Не уйти? Я что-то не уверена, что мне хочется иметь дело с этим наследием. Я бы лучше была обычной американкой, как мои друзья, простые ребята с рюкзаками, жители пригородов. Но когда я остаюсь одна и смотрю в зеркало, оттуда на меня глядит вовсе не обычная американка. Девушка в зеркале — кореянка, и это видно по лицу, глазам, волосам. Наверное, это у нее в крови.

Чайник начинает свистеть, и миссис Хон снимает его с плиты. Она через ситечко разливает чай по чашкам, и комната наполняется ароматом напитка. Я делаю глоток. Чай и правда крепкий и горький — ничего общего со слабеньким чаем, который нам подавали в этой турпоездке. Я пью его, и мне уже не так жарко. Я чувствую себя спокойнее.

— И как тебе пока что моя история? — спрашивает миссис Хон, держа чашку в руках. Теперь у нее такой вид, будто она делилась со мной всего лишь милыми историями из детства. Я до сих пор в ужасе, так что внезапная перемена ее поведения меня пугает — кажется, будто она слегка не в себе. Хотя человек, переживший подобное, наверное, так или иначе будет не в себе.
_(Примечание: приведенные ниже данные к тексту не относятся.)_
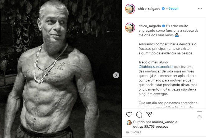 Em seguida, Chico pediu mais empatia. "Que um dia nós possamos aprender a admirar e compartilhar histórias de vitória e superação e isso tenha mais destaque do que qualquer meme sem noção. Ainda bem que o Fábio usou todas as críticas para converter em energia e vontade de mudar. Esse foi o trampolim para ressurgir na sua melhor versão! PS: Não é bomba, dieta milagrosa nem mágica. São dez meses de trabalho duro que começou com uma coisa chamada decisão", finalizou ele.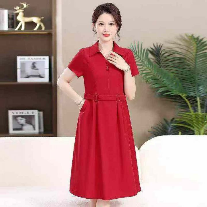 夏季新款网红复古时尚妈妈装减龄显瘦短袖系带连衣裙,独立包装,工厂新货码...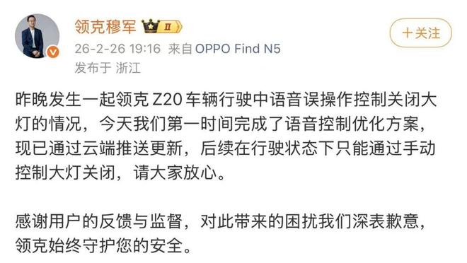2月26日,领克汽车销售有限公司副总经理领克穆军在社交平台上发文表示,关注到发生一起领克Z20车辆行驶中语音误操作控制关闭大灯的情况,于第一时间完成了语音控制优化方案,现已通过云端推送更新,后续在行驶状态下只能通过手动控制大灯关闭,并对此带来的困扰深表歉意。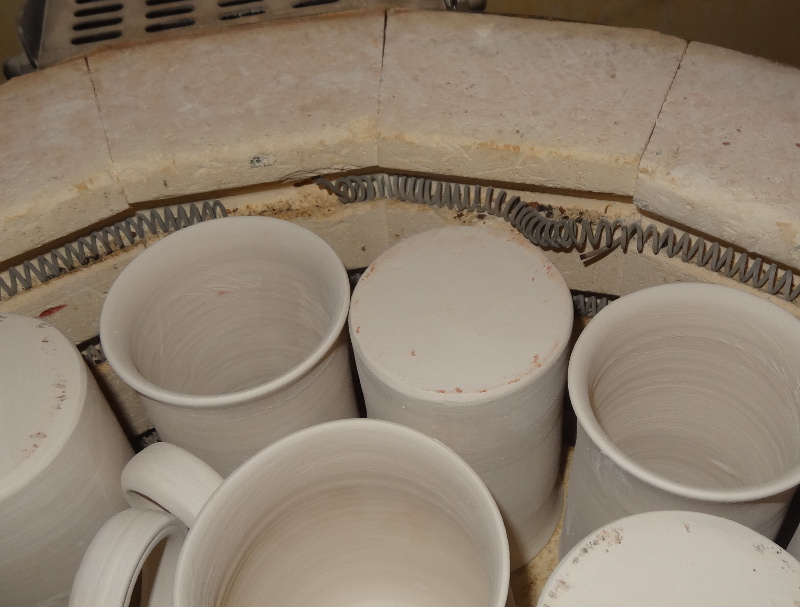 Dem Brennofen sieht man an, was er auf dem Buckel hat. Jeden zweiten Tag wird er auf 1.100 Grad erhitzt. Das dauert etwa 6 Stunden. Dann muss der Ofen zehn Minuten die Höchsttemperatur halten, damit die Glasur zerlaufen kann und die im Ofen in mehreren Schichten gestapelten Tonexponate gebrannt werden. Um den Ofen wieder herunter zu kühlen, braucht es weitere fünf Stunden. Eigentlich, so der Töpfermeister, hält das ein Brennofen fünf Jahre durch. „Mein Ofen macht es jetzt schon das siebte Jahr“, meint er. Die Elektrospiralen sind zwischendurch wegen Ermüdung schon drei mal erneuert worden, die gepressten Schamottesteine, mit denen der runde Toplader-Ofen ausgelegt ist, haben Risse und fangen an zu bröseln.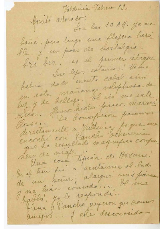 [Carta] 1912 febrero, Valdivia, Chile [a una amiga "Monito"] [manuscrito] Elvira Santa Cruz Ossa (Roxane).
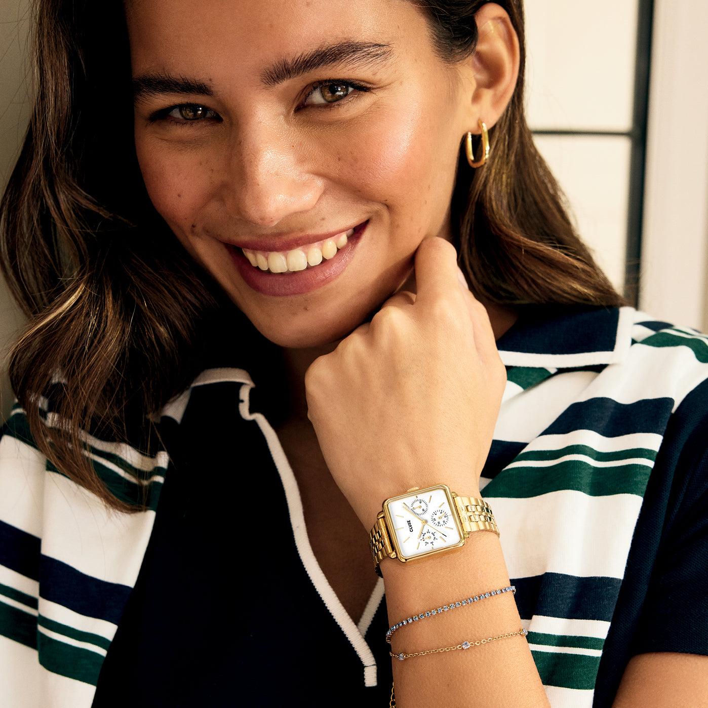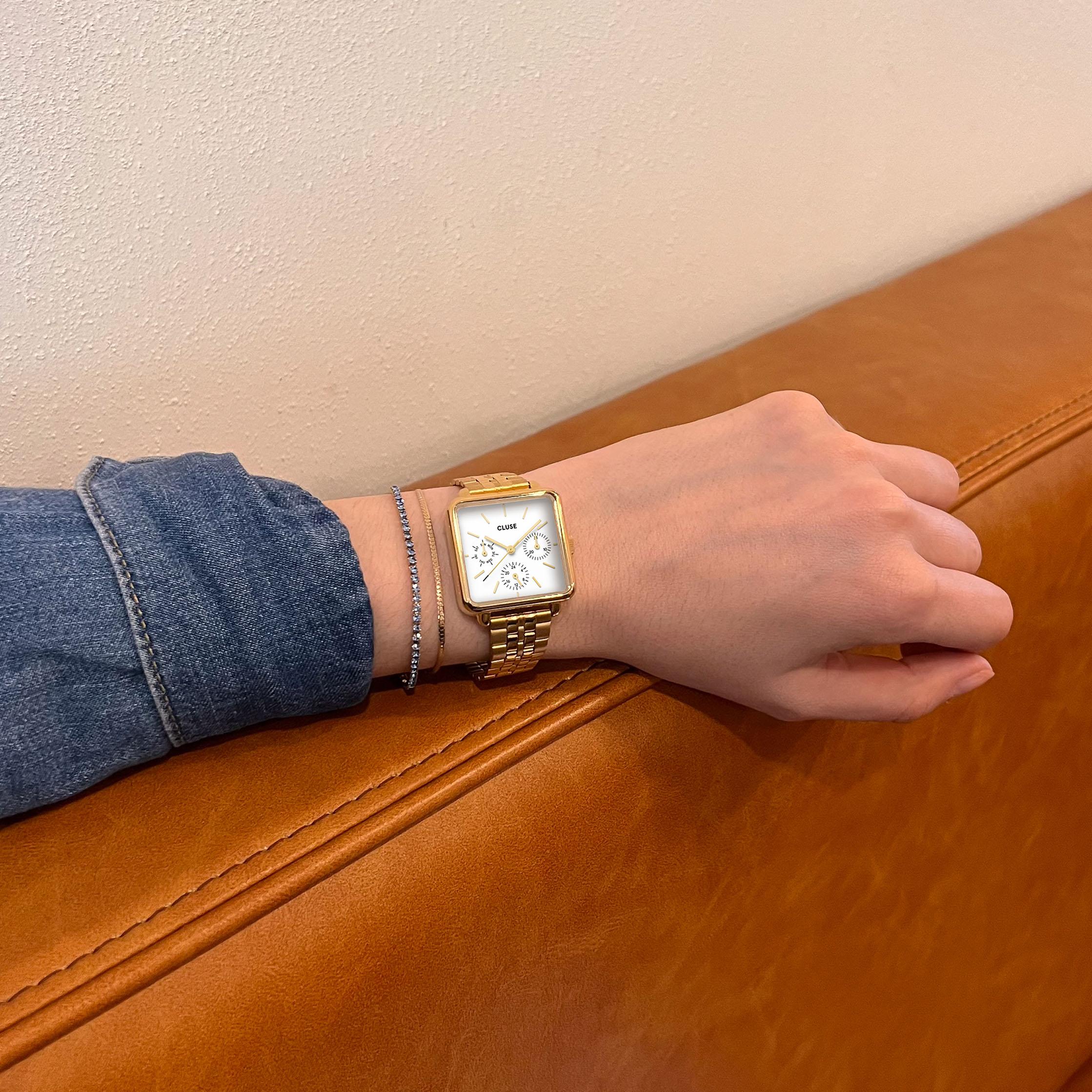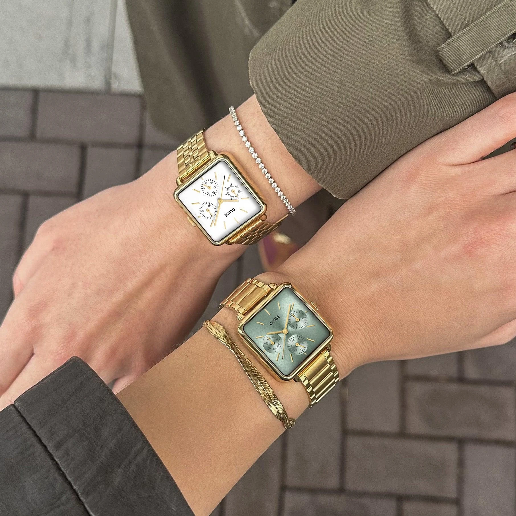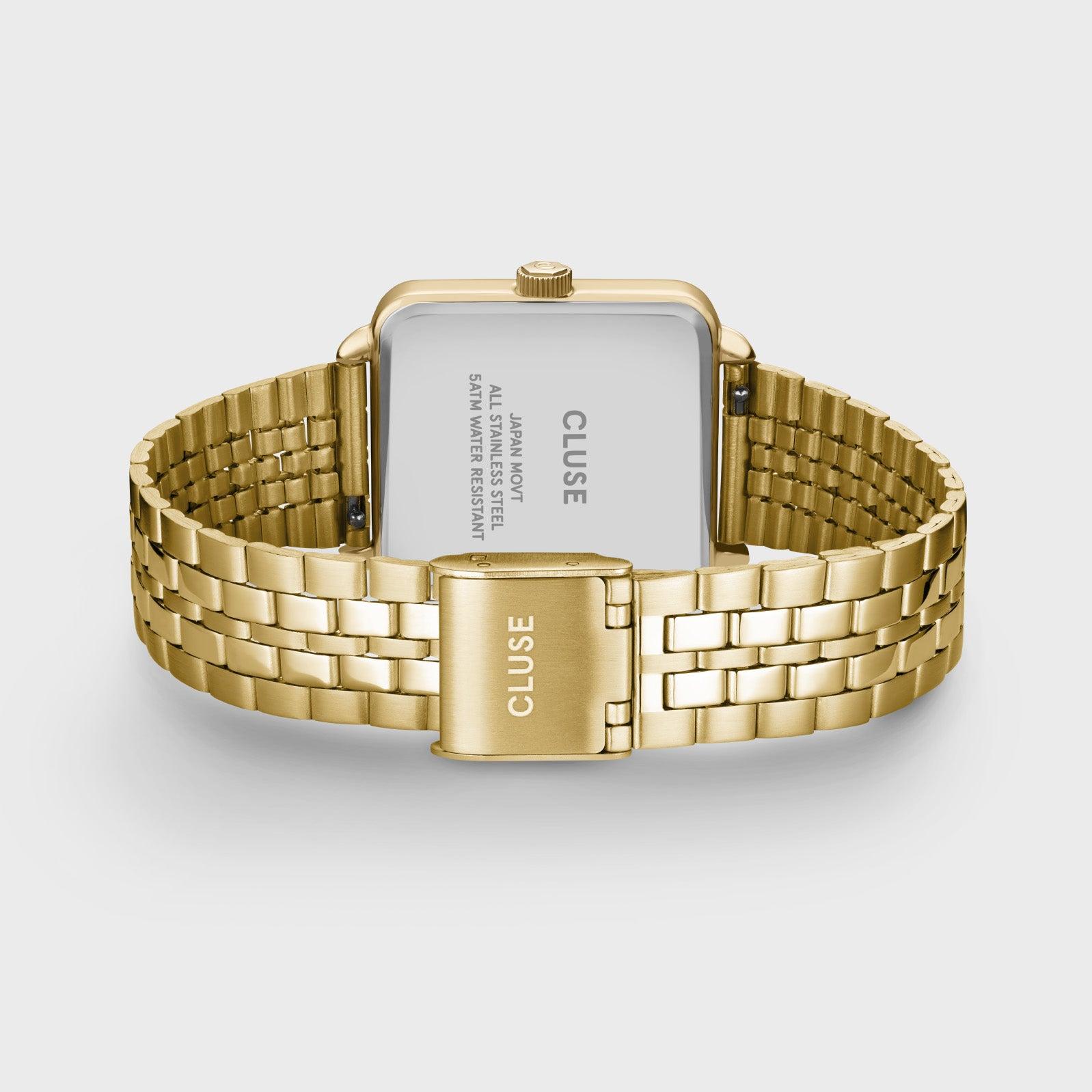 Квадратные многофункциональные часы La T?tragone для женщин имеют корпус золотистого цвета диаметром 30 мм, белый циферблат и 5-звеньевой ремешок из нержавеющей стали золотистого цвета шириной 16 мм. Легко персонализируйте свои часы с помощью любого ремешка CLUSE шириной 16 мм.

— Это все… просто кошмарно, — говорю я. Снаружи ветрено, и через открытое окно легкий ветерок влетает в квартиру. Становится чуть прохладнее — а может, все дело в поричха.

Миссис Хон смотрит на меня в упор. Похоже, она меня изучает, проверяет, правильно ли поступила, передав мне гребень. Я не хочу ее разочаровывать, так что говорю:

— Продолжайте, пожалуйста. Расскажите мне, что было дальше.

Она улыбается, но взгляд у нее жесткий.

— Я только начала, — говорит она. Поставив чашку на стол, она складывает руки на коленях и продолжает: — На следующий день после того, как полковник меня изнасиловал, пришли войска, и я быстро выучила, что надо делать. Я стала ианфу, женщиной для утешения. А еще я научилась одной хитрости. Перед тем, как они меня насиловали, я изучала их обувь. Как я уже сказала, полковник туго шнуровал ботинки. Это был предупреждающий сигнал. Его тип жестокости, не только физической, но и психологической, был хуже всего. Когда я видела мужчину в туго зашнурованных ботинках, я знала, что меня будут унижать.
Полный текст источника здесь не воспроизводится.